# Vindicare Assassin rumors



## Midge913 (Oct 21, 2010)

> Exitus weapons are said to be AP:1
> Both a rifle (sniper) and pistol come as standard equipment
> Weapon ranges are said to be unchanged
> Unlimited special Exitus ammo types are now available: _~Apparently the Imperium sends Vindicares into the field with ammo clips now!_
> ...


Don't know how accurate this is going to be, but it would make the vindy an incredible badass.


----------



## Scathainn (Feb 21, 2010)

That ammo....

:shok:

If that is real that's the most badass fucker I've ever seen in this game.

But, usual dose of salt applies.


----------



## coke123 (Sep 4, 2010)

Loses invulnerable saves for the rest of the games? :laugh:

awesome, if true.


----------



## Stephen_Newman (Jul 14, 2009)

I don't see invuns not working for the whole game. However cancelling invun save for a turn don't seem too bad. Provided it is not some ridiculous 75 points or something. Would be more epic if it snipers on a 3+ rather than 4+ because that is the biggest letdown.


----------



## Baron Spikey (Mar 26, 2008)

Do you mean if it wounds normally on a 3+ rather than 4+? Because the Vindicare is going to be hitting on at least a 2+.

I said this on another thread but...

This guy is going to be a Terminator's worst nightmare- neither Landraider or Storm Shield will be any protection if these ammo rules are correct.


----------



## bluedestiny (May 10, 2008)

cool.... so how many points would he be? 6 shots ur looking in a game and hopefully 6 kills. And remember 6 models that might be dead.

Would shield breaker negate cover save? most cover save is better then inv anyways.


----------



## the-ad-man (Jan 22, 2010)

the vindicator in action


----------



## Doelago (Nov 29, 2009)

This guy is going to rape shit...


----------



## Stephen_Newman (Jul 14, 2009)

I mean that normally sniper weapons wound on a 4+ but hopefully the vindicare works on a 3+ so it wounds more.
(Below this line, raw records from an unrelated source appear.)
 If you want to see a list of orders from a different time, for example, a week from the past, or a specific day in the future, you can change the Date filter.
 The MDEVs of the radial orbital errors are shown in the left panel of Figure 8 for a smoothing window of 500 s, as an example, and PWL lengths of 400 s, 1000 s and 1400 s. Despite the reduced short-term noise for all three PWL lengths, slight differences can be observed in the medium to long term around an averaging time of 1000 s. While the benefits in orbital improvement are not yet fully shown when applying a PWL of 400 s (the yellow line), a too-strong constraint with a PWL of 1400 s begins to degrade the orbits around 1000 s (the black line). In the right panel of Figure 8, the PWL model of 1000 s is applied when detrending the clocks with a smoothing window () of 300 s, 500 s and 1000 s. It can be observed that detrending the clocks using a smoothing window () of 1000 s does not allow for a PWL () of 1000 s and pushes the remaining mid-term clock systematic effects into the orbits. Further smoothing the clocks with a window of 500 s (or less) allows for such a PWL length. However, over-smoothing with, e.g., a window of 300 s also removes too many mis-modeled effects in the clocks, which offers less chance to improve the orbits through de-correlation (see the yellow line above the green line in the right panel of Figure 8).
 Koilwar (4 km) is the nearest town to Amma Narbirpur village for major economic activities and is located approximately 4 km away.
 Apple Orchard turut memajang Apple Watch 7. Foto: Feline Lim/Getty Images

Obviously nothing below BS5 is expected.


----------



## slaaneshy (Feb 20, 2008)

Don't worry about it, he is nothing a demolisher round to the face won't cure...


----------



## the-ad-man (Jan 22, 2010)

i dunno, i doubt any half compatant player would have him in the open for long


----------



## oblivion8 (Jun 17, 2009)

lots of people say he should cost a lot of points, but I don't think he should.
Even with those kind of rules, he should be in the doom of malantai point range imo.
He cant join units, and he has a very limited use. He's good, but has to many disadvantages to be higher then what he is now.


----------



## BHound1981 (Feb 25, 2010)

the-ad-man said:


> YouTube - Chuck Norris Mega Massacre Rampage 1
> 
> the vindicator in action


LOL - Chuck Norris.


----------



## Hurricane (Feb 27, 2010)

I'm looking forward to this codex releasing more and more to see if these rumors come true. As of now this is definitely going to be my next army. :yahoo:


----------



## Necrosis (Nov 1, 2008)

bluedestiny said:


> cool.... so how many points would he be? 6 shots ur looking in a game and hopefully 6 kills. And remember 6 models that might be dead.
> 
> Would shield breaker negate cover save? most cover save is better then inv anyways.
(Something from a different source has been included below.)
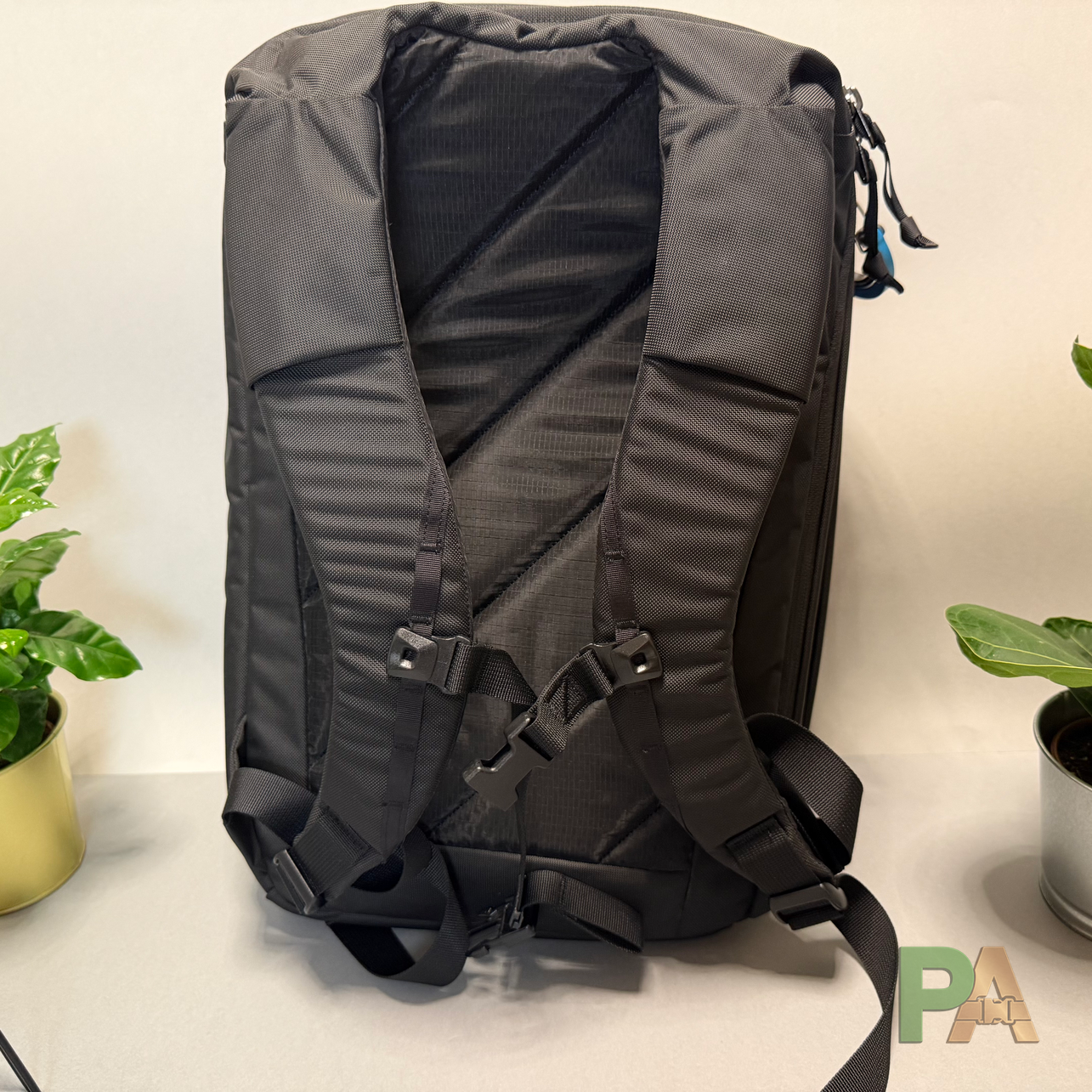 Szelki są miękkie i wygodne, plecy mają warstwę amortyzacji, ale nie jest to typowy Air Mesh — to autorskie rozwiązanie Evergoods składające się z oddychającej warstwy pokrytej oddychającym nylonem. Brakuje kanału wentylacyjnego, nie ma też paska do zaczepienia na walizce. Materiał jest dosyć śliski, przez co plecak trochę się przesuwa, ale zapięcie paska piersiowego załatwia sprawę. W praktyce wentylacja jest dobra i nie odbiega od konkurencji — dodałbym jedynie kanał powietrzny.

Or he could kill 6 tanks. I mean if he kills a land raider he has already made his points back.


----------



## exsulis (Jul 17, 2008)

Though I am still wondering on the Vindicator's other gear....


----------



## oblivion8 (Jun 17, 2009)

> Though I am still wondering on the Vindicator's other gear....


well considering the codex power upage, I would assume his stealth suit will be upgraded somehow, possibly his spy mask too. Although he will probably only have T4 and 2Ws so...


----------



## Hooobit (Dec 5, 2010)

Didnt have the ability to pick targets in a sguad? wave goodbye to your characters.


----------



## Baron Spikey (Mar 26, 2008)

Hooobit said:


> Didnt have the ability to pick targets in a sguad? wave goodbye to your characters.
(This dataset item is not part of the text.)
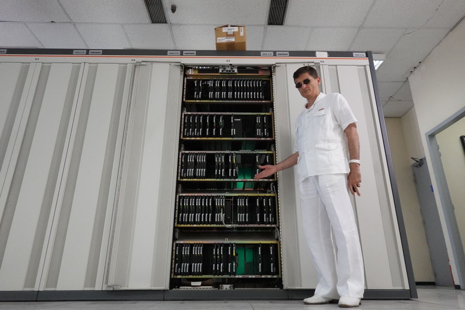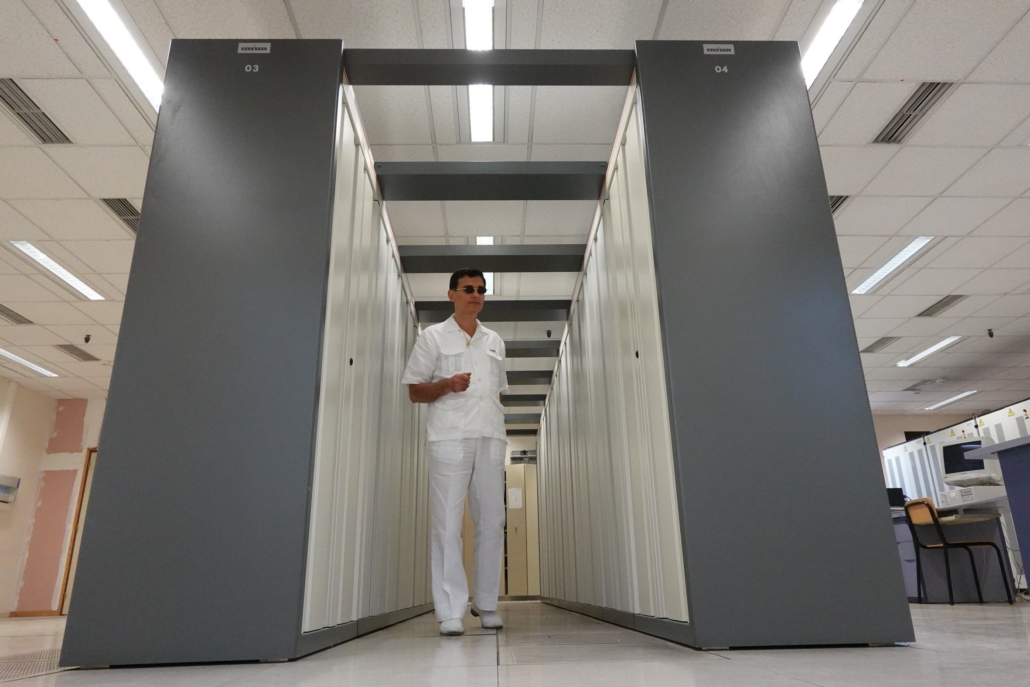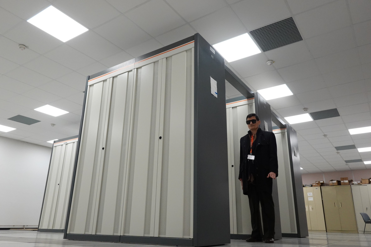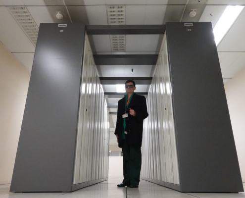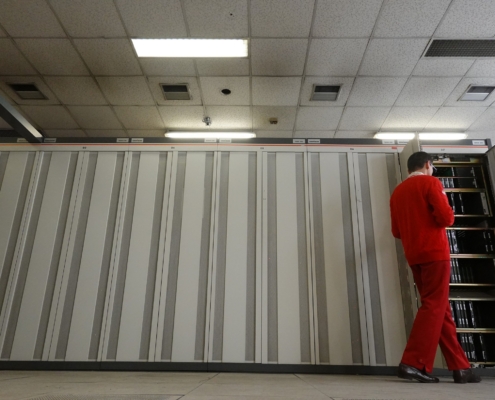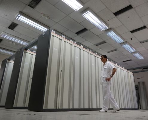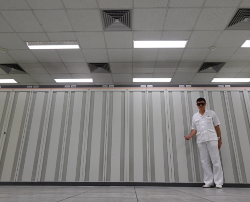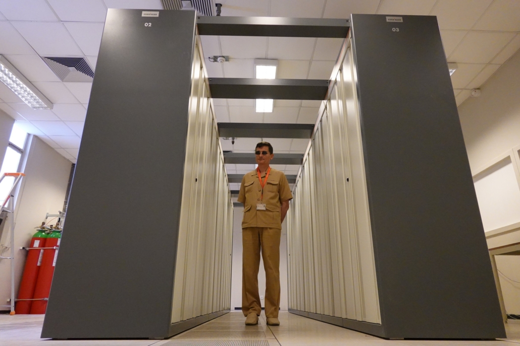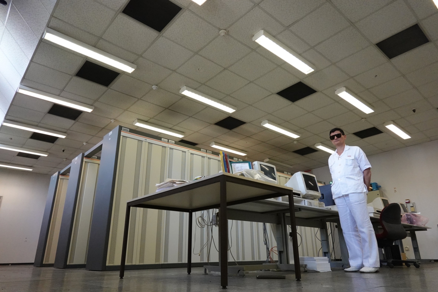 Ci-dessus : vue d’ensemble de l’installation spéciale de Dérouleurs de Bande Magnétique (DBM) de l’ancien PEMS de supervision du parc d’autocommutateurs E10B3 du Centre-Val-de-Loire.

He had more than that, imagine Telion but many, many times better.
The only restrictions regarding shooting he has to obey are range and line of sight- he can shoot into combat, pick off men from his own side etc
(these were/are abilities confirmed by GW in an FAQ).


----------



## rasolyo (Dec 22, 2009)

Baron Spikey said:


> ...pick off men from his own side etc
> (these were/are abilities confirmed by GW in an FAQ).


I've read this as a possible tactic from a BoLS article last year, but never really did the research on its veracity. I know that he can shoot individual models in squads and into close combat, but friendly models as well?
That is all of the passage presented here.